All models are flawed, but some are useful. Projection systems are handy and remain so, even this late in the season, with no updates included whatsoever. Ignore them at your peril.
Dan Szymborski is a senior writer for FanGraphs and the developer of the ZiPS projection system. He was a writer for ESPN.com from 2010-2018, a regular guest on a number of radio shows and podcasts, and a voting BBWAA member. He also maintains a terrible Twitter account at @DSzymborski.
I often think about the 2006 Cardinals who I’ve heard people say was the “worst team to win a World Series” since they went 83-78. Preseason they were +700 to win the WS (amongst the favorites) and the O/U on their win total was 94 (second most in baseball).
A great example of projections are better than in season results.

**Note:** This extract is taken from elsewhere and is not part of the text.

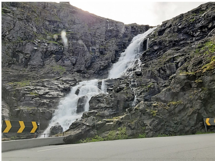
Good view to the waterfall.
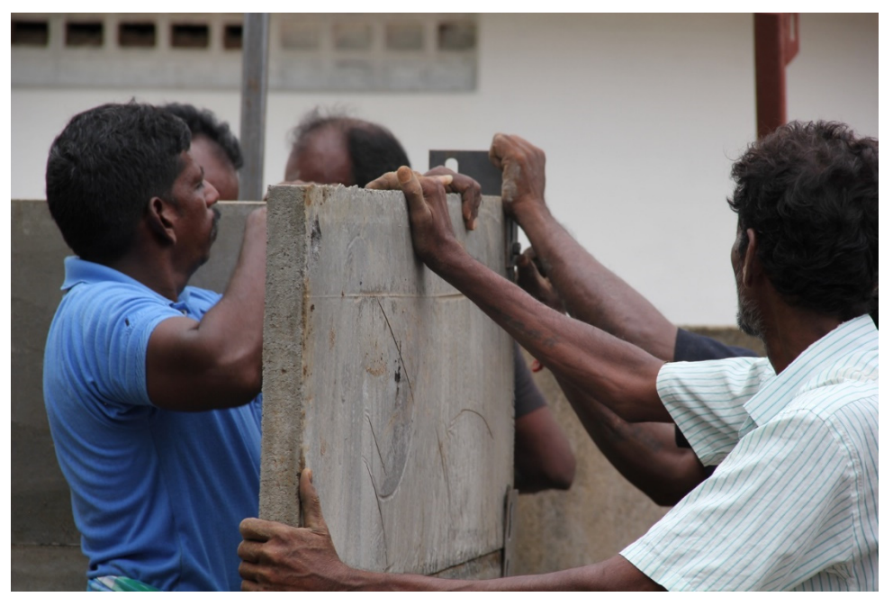
Figure 2. Concrete slab sanitation under construction

Decision makers are aware of the environmental issues caused by use of standard concrete. But the decision was that the immediate improvement to housing was of greater value to the long-term vision of a sustainable village than the impact of continued use of concrete. When an alternative option made from sustainable materials becomes accessible, they will convert to using such material to build homes and toilets. This is the trade-off between addressing poverty in the immediate, and long-term environmental sustainability. The construction methods are already effective and affordable, and with sustainable material use, it is a complete and outstanding model of sustainable housing.

It’s complicated. There’s an argument it was the worst season ever for a world series winner, and that “worst team to win a World Series” is just shorthand for that. Obviously they weren’t the worst team when the playoffs started.
That’s true, and a good point. I guess what I mean is they may have went 83-79 but their true talent was much higher than 83 wins.